次に、生成部６は、ステップＳ８の処理で推定された音声成分を、音響信号に変換する処理を行うことにより、雑音が抑圧された音響信号を生成する（ステップＳ９）。次に、特徴量算出部１が、音響信号を全て処理したか否かを判定する（ステップＳ１０）。音響信号を全て処理していない場合（ステップＳ１０、Ｎｏ）、処理はステップＳ１に戻る。音響信号を全て処理した場合（ステップＳ１０、Ｙｅｓ）、処理は終了する。 Next, the production | generation part 6 produces | generates the acoustic signal by which the noise was suppressed by performing the process which converts the audio | voice component estimated by the process of step S8 into an acoustic signal (step S9). Next, the feature quantity calculation unit 1 determines whether or not all acoustic signals have been processed (step S10). When all the acoustic signals are not processed (step S10, No), the process returns to step S1. When all the acoustic signals are processed (step S10, Yes), the process ends.

以上、説明したように、第１実施形態の雑音抑圧装置１００では、第１抑圧係数算出部３が、特徴量算出部１により算出された特徴量と、推定部２により推定された雑音成分とから、音響信号に含まれる雑音を抑圧する第１抑圧係数Ｒ１_ｔを、周波数帯域毎に算出する。第１減衰部４は、第１抑圧係数Ｒ１_ｔを時間領域で減衰させることにより、第２抑圧係数Ｒ２_ｔを算出する。第２減衰部５は、第２抑圧係数Ｒ２_ｆを周波数領域で減衰させることにより、第３抑圧係数Ｒ３_ｆを算出する。そして生成部６が、特徴量と第３抑圧係数Ｒ３_ｔとから、特徴量の音声成分を推定し、推定された音声成分から、雑音が抑圧された音響信号を生成する。 As described above, in the noise suppression device 100 according to the first embodiment, the first suppression coefficient calculation unit 3 includes the feature amount calculated by the feature amount calculation unit 1 and the noise component estimated by the estimation unit 2. Thus, a first suppression coefficient R1 _t for suppressing noise included in the acoustic signal is calculated for each frequency band. The first attenuation unit 4 calculates the second suppression coefficient R2 _t by attenuating the first suppression coefficient R1 _t in the time domain. The second attenuation unit 5 calculates the third suppression coefficient R3 _f by attenuating the second suppression coefficient R2 _f in the frequency domain. Then, the generation unit 6 estimates a speech component of the feature amount from the feature amount and the third suppression coefficient R3 _t, and generates an acoustic signal in which noise is suppressed from the estimated speech component.

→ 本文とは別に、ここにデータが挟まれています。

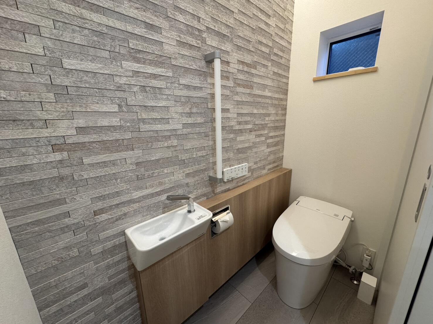 まず印象に残ったのがトイレです。壁にはエコカラットが使われていて、高級感があるだけでなく、においを吸収してくれるのが嬉しいポイント。標準サイズのトイレでも、落ち着いた雰囲気で、来客時にも安心できそうだと感じました。
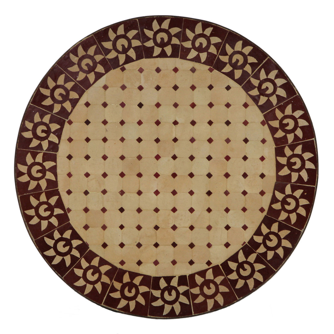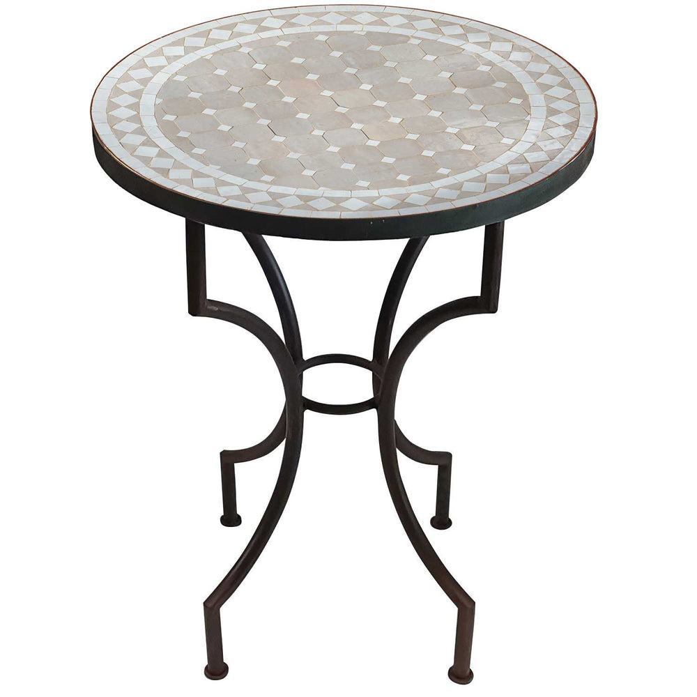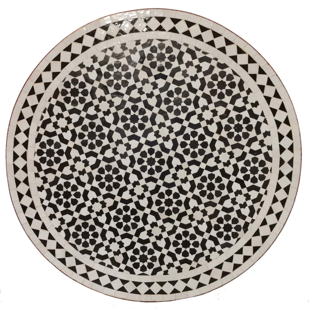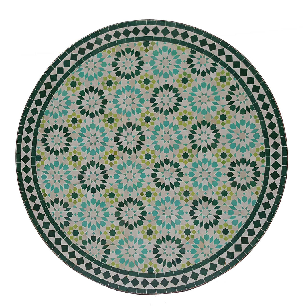 Bei Mosaiktischen wird die Tischplatte aus kunstvoll zusammengesetzten handgeschnittenen Fliesen auf einer stabilen Betonbasis gefertigt. Das Tischgestell ist meist aus handgeschmiedetem Eisen. Die Schmiedekunst, ebenfalls tief in der marokkanischen Tradition verankert, sorgt für robuste, langlebige Strukturen. Die handgefertigten Eisengestelle werden sorgfältig geformt, wobei oft dekorative, geschwungene Elemente eingebracht werden, die das feine Mosaikmuster der Tischplatte harmonisch ergänzen.

これにより第１実施形態の雑音抑圧装置１００によれば、過剰な雑音抑圧を改善することができるので、音声成分の抑圧を防ぐことができ、聞き取りやすい音響信号を生成することができる。例えば、第１実施形態の雑音抑圧装置１００により雑音が抑圧された音響信号を、音声認識装置に入力することにより、雑音の影響を取り除いた音声認識処理を行うことができる。また例えば、携帯電話等を用いた音声通話の際に、第１実施形態の雑音抑圧装置１００により雑音が抑圧された音声を再生することにより、音声を聴き取り易くすることができる。 Thereby, according to the noise suppression apparatus 100 of 1st Embodiment, since excessive noise suppression can be improved, suppression of an audio | voice component can be prevented and an acoustic signal easy to hear can be produced | generated. For example, by inputting an acoustic signal whose noise has been suppressed by the noise suppression apparatus 100 according to the first embodiment to the voice recognition apparatus, it is possible to perform voice recognition processing from which the influence of noise has been removed. Further, for example, when a voice call using a mobile phone or the like is performed, it is possible to make it easy to listen to the voice by reproducing the voice whose noise is suppressed by the noise suppression apparatus 100 of the first embodiment.

（第２実施形態）
次に第２実施形態について説明する。第２実施形態の雑音抑圧装置１００は、平滑化部７を更に備える点が、第１実施形態の雑音抑圧装置１００と異なる。第２実施形態の説明では、第１実施形態と同様の説明については省略する。 (Second Embodiment)
Next, a second embodiment will be described. The noise suppression device 100 of the second embodiment is different from the noise suppression device 100 of the first embodiment in that the smoothing unit 7 is further provided. In the description of the second embodiment, a description similar to that of the first embodiment is omitted.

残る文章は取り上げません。